The search argument is the appropriate one for my daomain and the nameserver addresses are the same whether DHCP is used or not, I am told. Fearing an incompatibilty between my public IP address and private addresses of the nameservers, I tried google's 8.8.8.8, but the gateway was still "down".

Just as a matter of curiosity: I gathered that the gateway should be pingable even without nameservers, since it is on the same subnet as defined by the netmask 255.255.255.0. Was I incorrect?

Thanks


----------



## jalla (Aug 11, 2012)

freepara said:
			
		

> Just as a matter of curiosity: I gathered that the gateway should be pingable even without nameservers, since it is on the same subnet as defined by the netmask 255.255.255.0. Was I incorrect?
> 
> Thanks



Are you sure it's on the same subnet? What subnet mask does the gateway have?
(Or IOW, what mask do you get when you use DHCP?)


----------



## freepara (Aug 11, 2012)

When I use DHCP, I get a private IP address for the gateway, 10.1.10.1, and my compter's private address is 10.1.10.14, and all is well. When I try to use my public address x.y.z.232, my netmask is 255.255.255.0 and the gateway is x.y.z.1 (x, y, and z being in the range 1-254). I don't know what the netmask of x.y.z.1 is, nor do I know that 10.1.10.1 maps to x.y.x.1. I do know that 10.1.10.1 doesn't work as a gateway for x.y.z.232 (nor, I guess, should it.)


----------



## SirDice (Aug 13, 2012)

There's a router in front of your network that's already doing NAT. This means you can't use the external IP address internally.


----------



## freepara (Aug 14, 2012)

The systems guy was just in and a quick reconfiguration of the port made all well. Not a FreeBSD problem at all, though it took a lot of trying to get to the point where they listened to me seriously.
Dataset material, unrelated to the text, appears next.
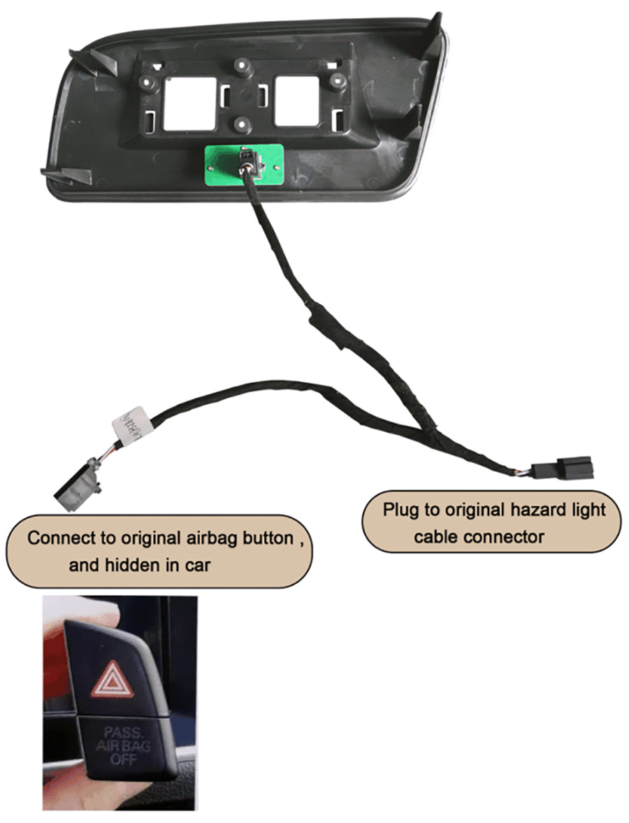 But if the factory radio fascia has two buttons(hazard warning lamp button and airbag button) as shown in the right picture below. We will include an adapter harness to remain the airbag button, but you need to hide it in the car and may not see it.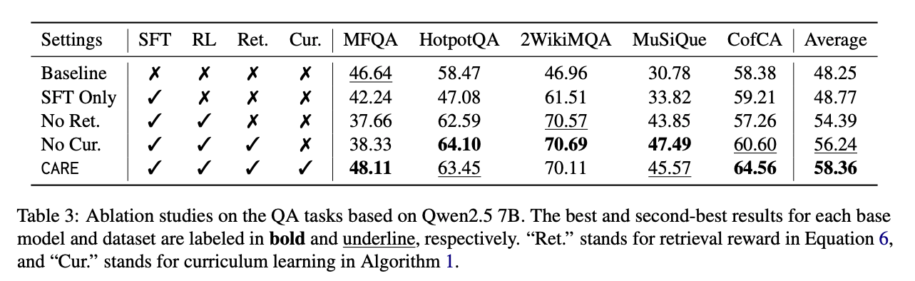 - No Retrieval Reward: 「 タグ内の内容が実際に入力Contextに存在している」ことへの報酬を除く

The base problem was that I was away for two months, during which time a) the motherboard on the computer in question failed, and b) they made some changes to port configuations in my office suite. If the mobo hadn't failed, it would have been clear that that their reconfiguration was at fault. With the two happenning in tandem, it was unclear where the problem was.

My most profound thanks to SirDice, jalla, and kpa for taking teh time and having the patience to help out.


----------